Re: [PATCH] revision: replace "struct cmdline_pathspec" with argv_array

Jeff King <peff@xxxxxxxx> · Wed, 20 Sep 2017 23:04:24 -0400

On Wed, Sep 20, 2017 at 03:48:26PM -0700, Jonathan Nieder wrote:

> > Subject: [PATCH] revision: replace "struct cmdline_pathspec" with argv_array
> >
> > We assemble an array of strings in a custom struct,
> > NULL-terminate the result, and then pass it to
> > parse_pathspec().
> >
> > But then we never free the array or the individual strings
> > (nor can we do the latter, as they are heap-allocated when
> > they come from stdin but not when they come from the
> > passed-in argv).
> 
> To be devil's advocate for a moment: why don't we use UNLEAK on the
> paths passed in from stdin?
> 
> It's true that there can be an unbounded number of them, but they all
> coexist in memory anyway.  They are not generated dynamically on the
> fly.  Being able to free them doesn't have any obvious advantage over
> using exit().
>
> Except... is the idea that this allows the strings from stdin to be
> freed sooner, as soon as they have been parsed into a "struct
> pathspec"?

Well, no...the idea is that this is a function which leaks a bunch of
memory, and we shouldn't have to think hard about how often its leak can
be triggered or how severe it is. We should just fix it.

I agree with your analysis that we're likely only to leak one set of
--stdin input per program invocation (modulo some caller re-opening
stdin). And I also agree that it's a waste of memory to hold onto leaked
heap that cannot be used.

But mostly I am fundamentally against using UNLEAK() in a case like
this, because it does not match either of the properties which justified
adding UNLEAK() in the first place:

  1. We are about to exit the program, so the "leak" is only caused by
     the memory going out of scope at that exit.

     By contrast, the revision machinery may be called many times in the
     same program.

  2. The memory remains useful until around the time of program exit.

     This most certainly does not, as it would not even be reachable.

So while it may not do _too_ much harm, aside from increasing peak heap
unnecessarily, it's not a precedent I'd like to set. And certainly not
when we can fix the leak and reduce the code size at the same time.

> That sounds appealing.  The only risk would be if "struct pathspec"
> holds on to a pointer to one of these strings.
> 
> Fortunately parse_pathspec() is careful to strdup any strings it
> borrows (though it is not documented to do so).

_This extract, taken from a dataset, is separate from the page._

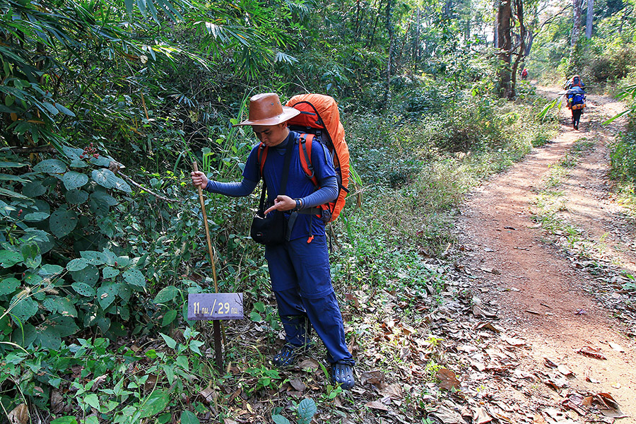 เดินมาเรื่อยๆ กลุ่มเริ่มแตก ใครเดินเร็วเดินไป เดินช้าก็รั้งท้าย ผมไม่เร่งมากอยู่กลางๆ บ่ายสองโมงครึ่งก็มาถึงตรงนี้ หลักกิโลที่ 11/29 ตัวเลขแรกคือเราเดินมาแล้ว 11 กม. ตัวเลขหลังคือระยะทางถึงยอดโมโกจู แต่วันนี้เราจะเดินกัน 16 กม. เพราะฉะนั้นเหลือ 5 กม. สุดท้ายแล้ว
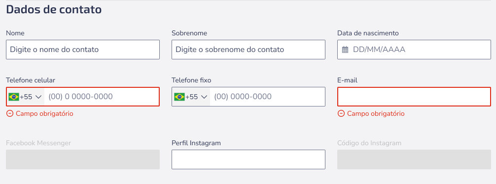 - Teléfonos (móvil y fijo): Solo números, en el formato DDI + DDD + número (ejemplo: +55 11 91234-5678).

A lot of the early interfaces in Git had really confusing
memory-ownership semantics. I think we've been slowly moving over the
years towards interfaces that spend a bit on extra copies to give simple
and consistent semantics (in fact, it was one of the reasons I added
argv_array in the first place).

So yes, it's good to double check that parse_pathspec() doesn't want to
hold on to the pointers. But I also think that should be the default
we're striving for in our APIs.

> In other words, proposed changes:
> 
>  1. Could the commit message describe what effect this would have on
>     maximum heap usage, if any?  (In qualitative terms is fine, though
>     actual numbers would be even better if it's easy to get them.)
>     That would make it easier to justify not using UNLEAK.

What wording are you looking for? It was a leak, and now it's gone.  The
size of the leak depends on how much you feed to --stdin. IMHO using
UNLEAK is totally inappropriate for this case, and doesn't even seem
like an alternative worth rejecting.

>  2. Can parse_pathspec get a comment in pathspec.h saying that it
>     defensively copies anything it needs from args so the caller is
>     free to modify or free it?  That way, it should be more obvious
>     to people in the future modifying parse_pathspec() that callers
>     may rely on that.  (The current API comment describes argv as
>     "command line arguments", which I fear would send the opposite
>     message to implementors.)

I certainly agree that the pathspec interface could use better
documentation. Patches welcome? :)

-Peff